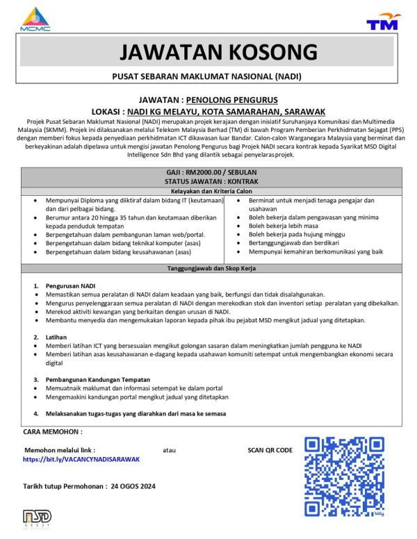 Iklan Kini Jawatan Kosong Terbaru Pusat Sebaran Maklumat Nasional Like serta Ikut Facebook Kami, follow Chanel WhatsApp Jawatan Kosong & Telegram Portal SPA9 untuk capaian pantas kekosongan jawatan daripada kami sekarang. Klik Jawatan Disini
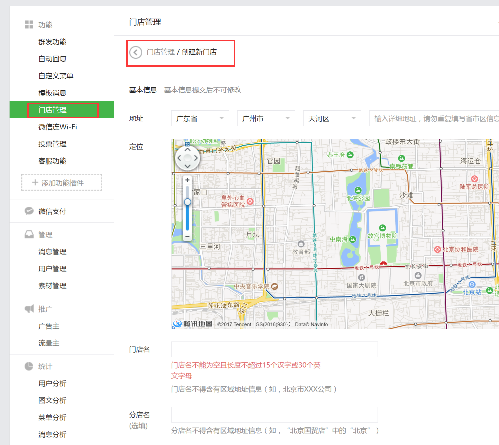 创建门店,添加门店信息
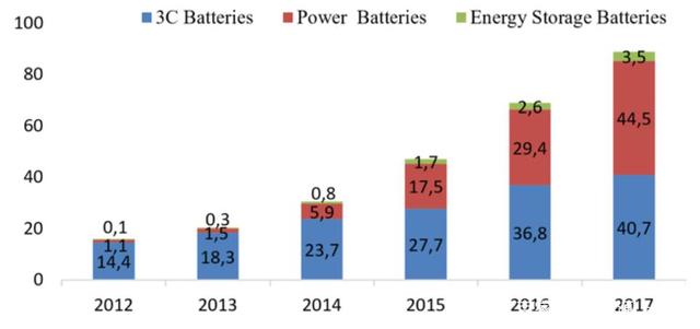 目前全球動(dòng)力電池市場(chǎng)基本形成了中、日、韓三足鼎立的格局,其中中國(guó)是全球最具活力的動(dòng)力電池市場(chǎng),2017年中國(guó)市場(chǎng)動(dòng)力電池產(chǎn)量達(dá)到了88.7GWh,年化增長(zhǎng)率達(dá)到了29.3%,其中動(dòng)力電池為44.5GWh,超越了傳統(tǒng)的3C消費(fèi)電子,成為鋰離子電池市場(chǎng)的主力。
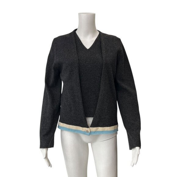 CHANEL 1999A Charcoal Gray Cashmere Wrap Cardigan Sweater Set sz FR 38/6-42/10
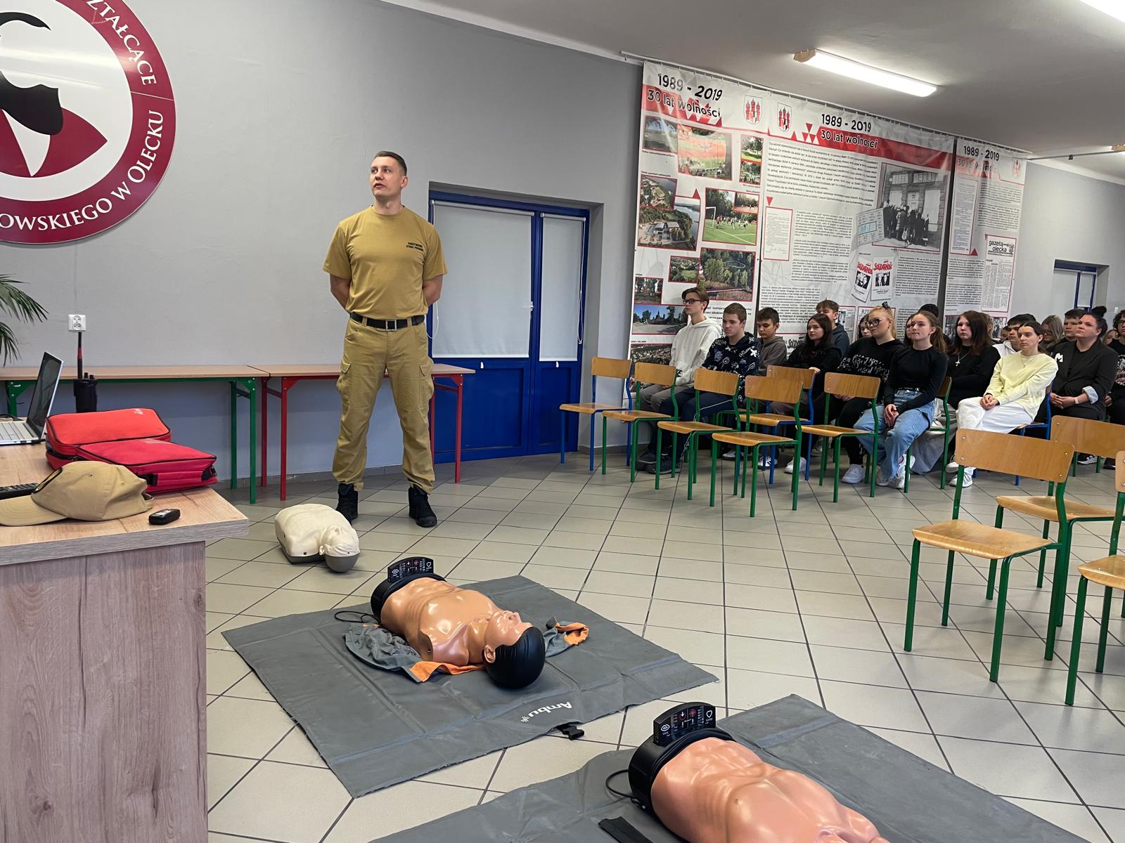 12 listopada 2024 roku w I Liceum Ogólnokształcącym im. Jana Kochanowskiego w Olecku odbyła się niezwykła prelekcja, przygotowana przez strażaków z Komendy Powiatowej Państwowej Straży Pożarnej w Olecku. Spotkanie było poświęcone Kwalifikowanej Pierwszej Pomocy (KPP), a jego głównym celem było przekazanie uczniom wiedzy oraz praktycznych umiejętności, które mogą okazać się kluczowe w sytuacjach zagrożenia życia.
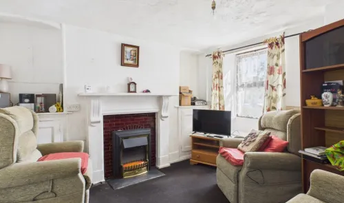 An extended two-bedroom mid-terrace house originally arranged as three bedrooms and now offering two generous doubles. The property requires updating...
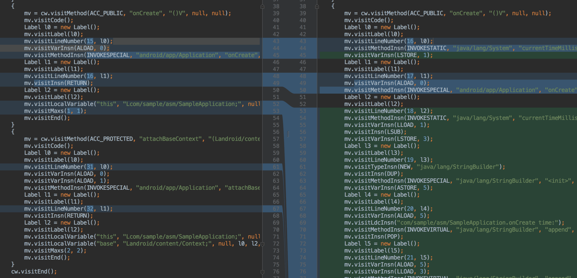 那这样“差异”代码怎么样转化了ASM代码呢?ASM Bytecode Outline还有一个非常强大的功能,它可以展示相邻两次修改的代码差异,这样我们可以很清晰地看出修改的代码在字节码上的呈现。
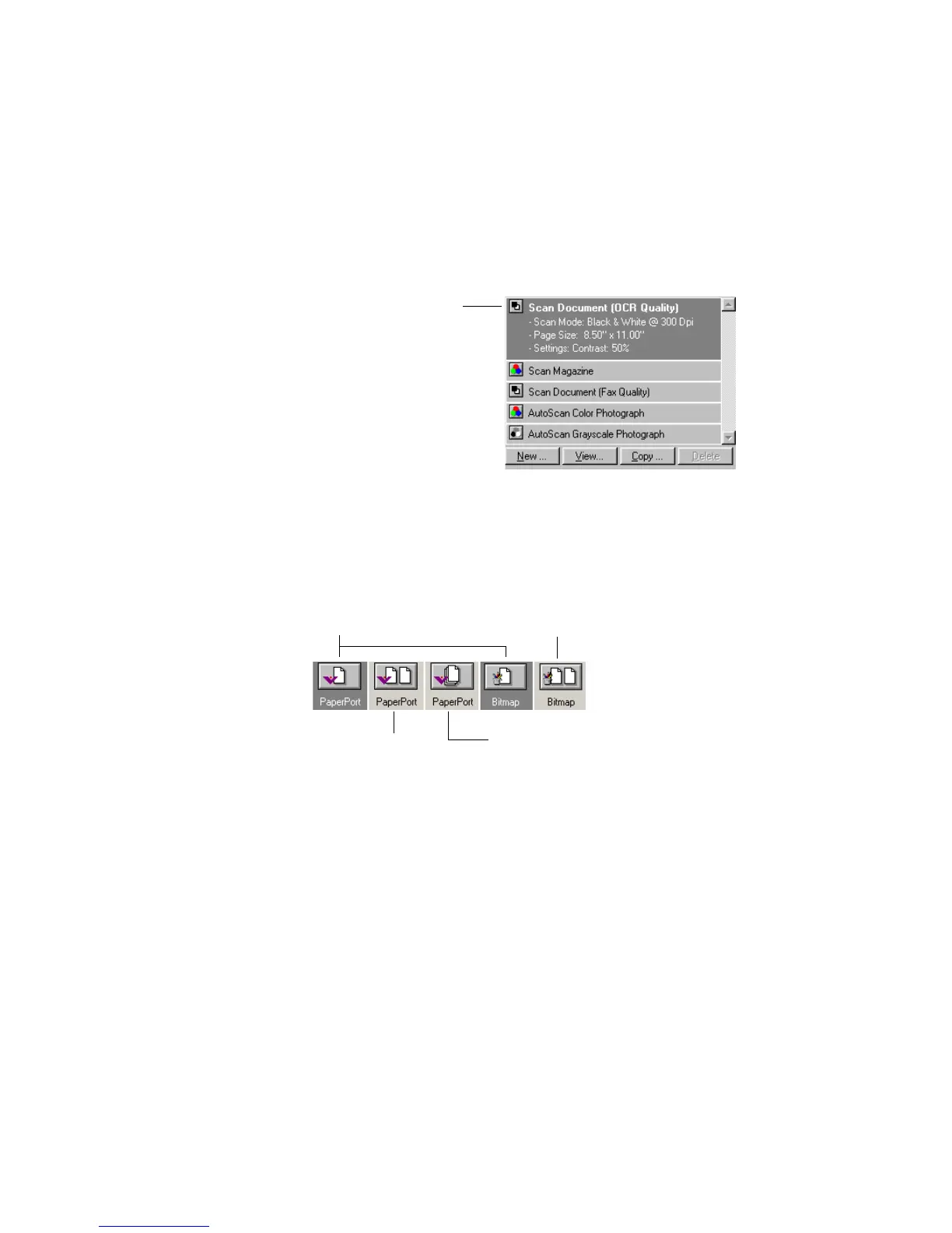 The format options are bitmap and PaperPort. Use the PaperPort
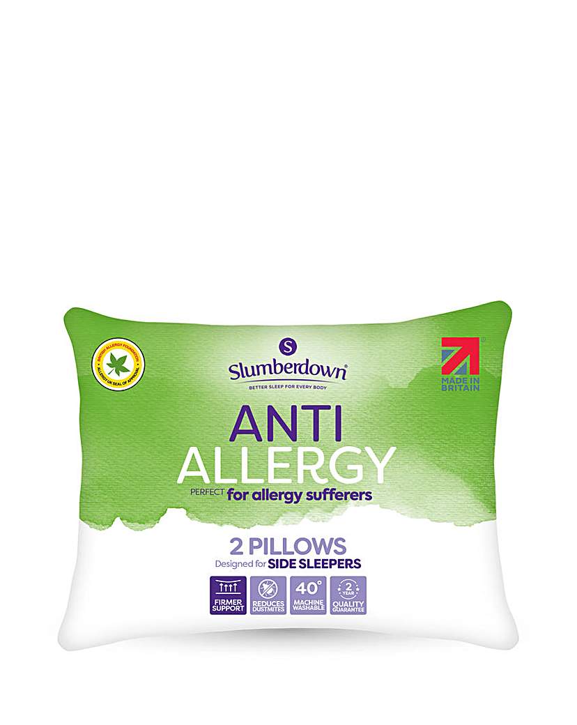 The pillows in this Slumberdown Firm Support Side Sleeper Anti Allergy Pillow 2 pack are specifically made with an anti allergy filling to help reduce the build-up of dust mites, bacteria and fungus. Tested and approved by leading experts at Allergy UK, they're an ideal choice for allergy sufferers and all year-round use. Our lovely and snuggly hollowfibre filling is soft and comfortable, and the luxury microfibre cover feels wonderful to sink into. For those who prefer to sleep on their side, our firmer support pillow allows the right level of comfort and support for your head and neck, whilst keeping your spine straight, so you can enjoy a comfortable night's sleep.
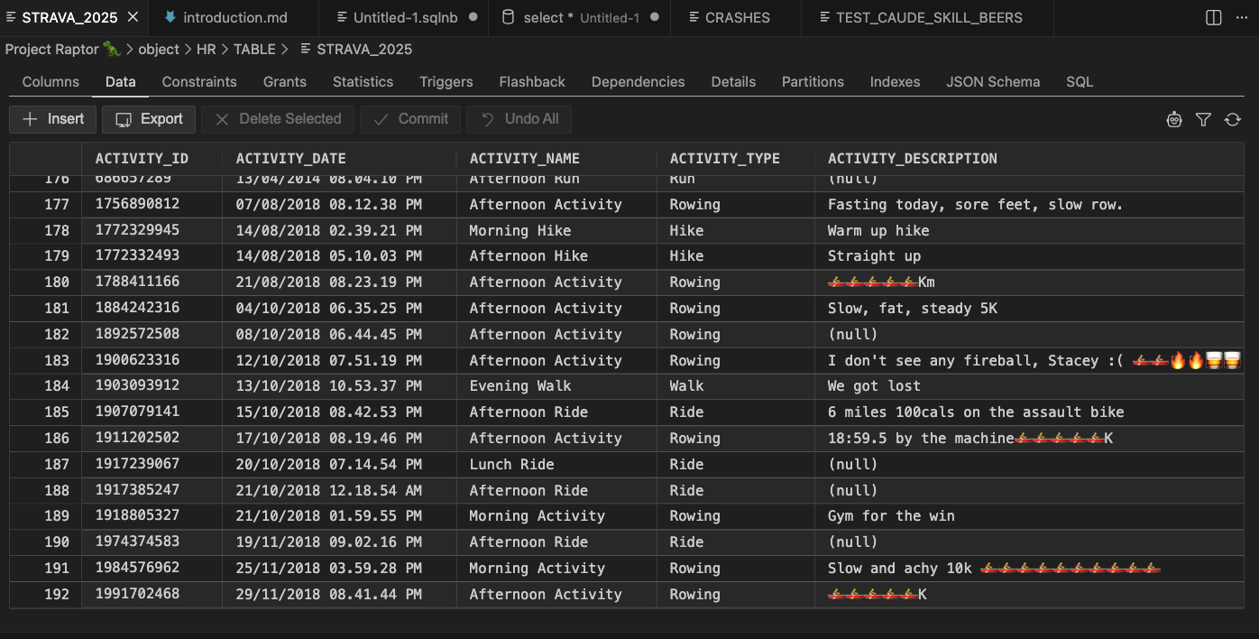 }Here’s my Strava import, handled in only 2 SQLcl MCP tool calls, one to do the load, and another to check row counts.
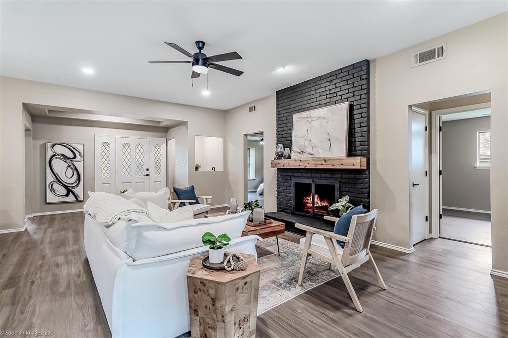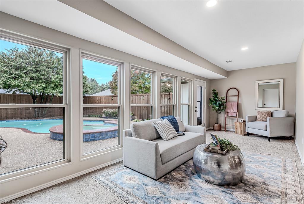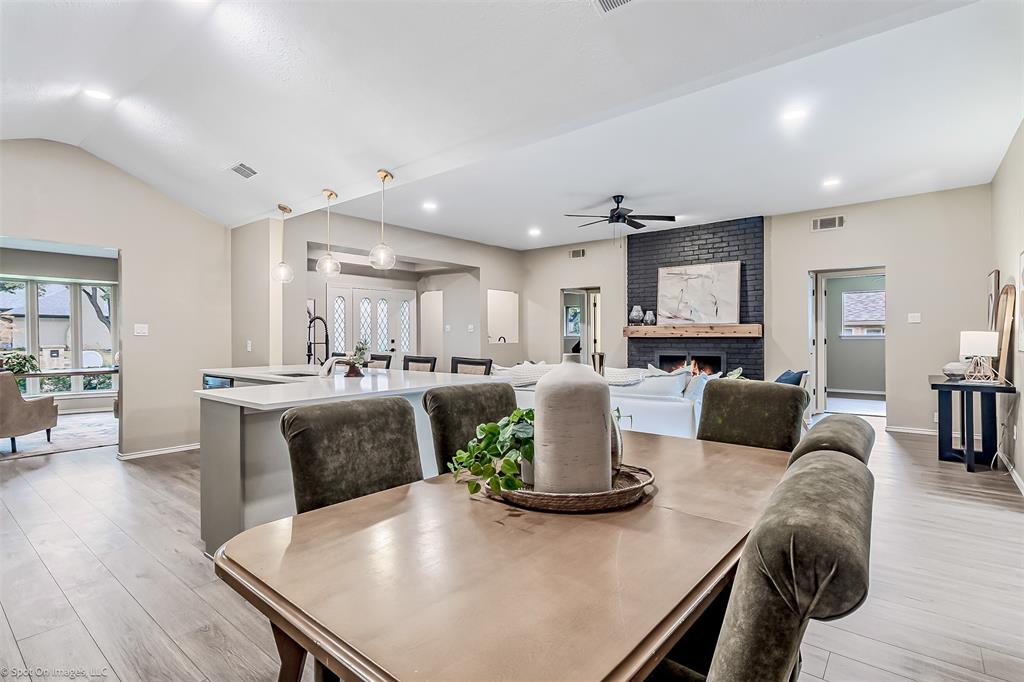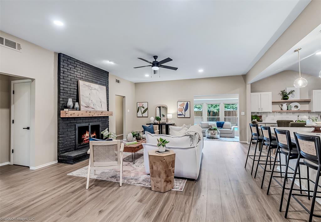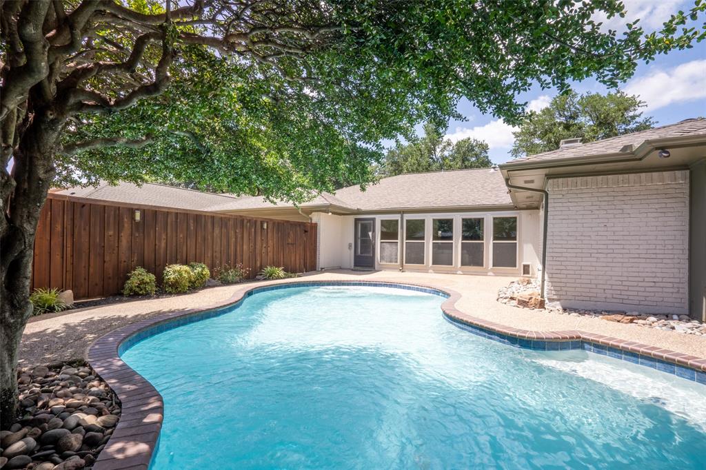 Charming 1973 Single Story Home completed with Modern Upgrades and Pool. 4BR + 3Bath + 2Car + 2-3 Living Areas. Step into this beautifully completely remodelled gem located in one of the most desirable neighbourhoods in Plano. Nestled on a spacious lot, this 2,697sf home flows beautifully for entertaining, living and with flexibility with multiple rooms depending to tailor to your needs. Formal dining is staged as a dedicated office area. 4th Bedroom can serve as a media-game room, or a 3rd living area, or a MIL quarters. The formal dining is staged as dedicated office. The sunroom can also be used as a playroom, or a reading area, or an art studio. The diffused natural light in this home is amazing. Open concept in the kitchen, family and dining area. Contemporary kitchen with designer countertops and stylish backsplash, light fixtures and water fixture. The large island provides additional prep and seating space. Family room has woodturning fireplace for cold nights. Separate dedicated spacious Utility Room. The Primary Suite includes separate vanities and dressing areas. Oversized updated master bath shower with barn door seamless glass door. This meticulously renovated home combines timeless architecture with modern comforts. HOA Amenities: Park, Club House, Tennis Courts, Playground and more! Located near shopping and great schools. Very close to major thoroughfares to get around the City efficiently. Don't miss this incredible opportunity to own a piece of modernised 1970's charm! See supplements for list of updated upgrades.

Requirement » The copy should match the records above exactly, except that pictures are dropped.

Task solution »
 Iklan Kini Jawatan Kosong Terbaru Pusat Sebaran Maklumat Nasional Like serta Ikut Facebook Kami, follow Chanel WhatsApp Jawatan Kosong & Telegram Portal SPA9 untuk capaian pantas kekosongan jawatan daripada kami sekarang. Klik Jawatan Disini
 创建门店,添加门店信息
 目前全球動(dòng)力電池市場(chǎng)基本形成了中、日、韓三足鼎立的格局,其中中國(guó)是全球最具活力的動(dòng)力電池市場(chǎng),2017年中國(guó)市場(chǎng)動(dòng)力電池產(chǎn)量達(dá)到了88.7GWh,年化增長(zhǎng)率達(dá)到了29.3%,其中動(dòng)力電池為44.5GWh,超越了傳統(tǒng)的3C消費(fèi)電子,成為鋰離子電池市場(chǎng)的主力。
 CHANEL 1999A Charcoal Gray Cashmere Wrap Cardigan Sweater Set sz FR 38/6-42/10
 12 listopada 2024 roku w I Liceum Ogólnokształcącym im. Jana Kochanowskiego w Olecku odbyła się niezwykła prelekcja, przygotowana przez strażaków z Komendy Powiatowej Państwowej Straży Pożarnej w Olecku. Spotkanie było poświęcone Kwalifikowanej Pierwszej Pomocy (KPP), a jego głównym celem było przekazanie uczniom wiedzy oraz praktycznych umiejętności, które mogą okazać się kluczowe w sytuacjach zagrożenia życia.
 An extended two-bedroom mid-terrace house originally arranged as three bedrooms and now offering two generous doubles. The property requires updating...
 那这样“差异”代码怎么样转化了ASM代码呢?ASM Bytecode Outline还有一个非常强大的功能,它可以展示相邻两次修改的代码差异,这样我们可以很清晰地看出修改的代码在字节码上的呈现。
 The format options are bitmap and PaperPort. Use the PaperPort
 The pillows in this Slumberdown Firm Support Side Sleeper Anti Allergy Pillow 2 pack are specifically made with an anti allergy filling to help reduce the build-up of dust mites, bacteria and fungus. Tested and approved by leading experts at Allergy UK, they're an ideal choice for allergy sufferers and all year-round use. Our lovely and snuggly hollowfibre filling is soft and comfortable, and the luxury microfibre cover feels wonderful to sink into. For those who prefer to sleep on their side, our firmer support pillow allows the right level of comfort and support for your head and neck, whilst keeping your spine straight, so you can enjoy a comfortable night's sleep.
 }Here’s my Strava import, handled in only 2 SQLcl MCP tool calls, one to do the load, and another to check row counts.
 Charming 1973 Single Story Home completed with Modern Upgrades and Pool. 4BR + 3Bath + 2Car + 2-3 Living Areas. Step into this beautifully completely remodelled gem located in one of the most desirable neighbourhoods in Plano. Nestled on a spacious lot, this 2,697sf home flows beautifully for entertaining, living and with flexibility with multiple rooms depending to tailor to your needs. Formal dining is staged as a dedicated office area. 4th Bedroom can serve as a media-game room, or a 3rd living area, or a MIL quarters. The formal dining is staged as dedicated office. The sunroom can also be used as a playroom, or a reading area, or an art studio. The diffused natural light in this home is amazing. Open concept in the kitchen, family and dining area. Contemporary kitchen with designer countertops and stylish backsplash, light fixtures and water fixture. The large island provides additional prep and seating space. Family room has woodturning fireplace for cold nights. Separate dedicated spacious Utility Room. The Primary Suite includes separate vanities and dressing areas. Oversized updated master bath shower with barn door seamless glass door. This meticulously renovated home combines timeless architecture with modern comforts. HOA Amenities: Park, Club House, Tennis Courts, Playground and more! Located near shopping and great schools. Very close to major thoroughfares to get around the City efficiently. Don't miss this incredible opportunity to own a piece of modernised 1970's charm! See supplements for list of updated upgrades.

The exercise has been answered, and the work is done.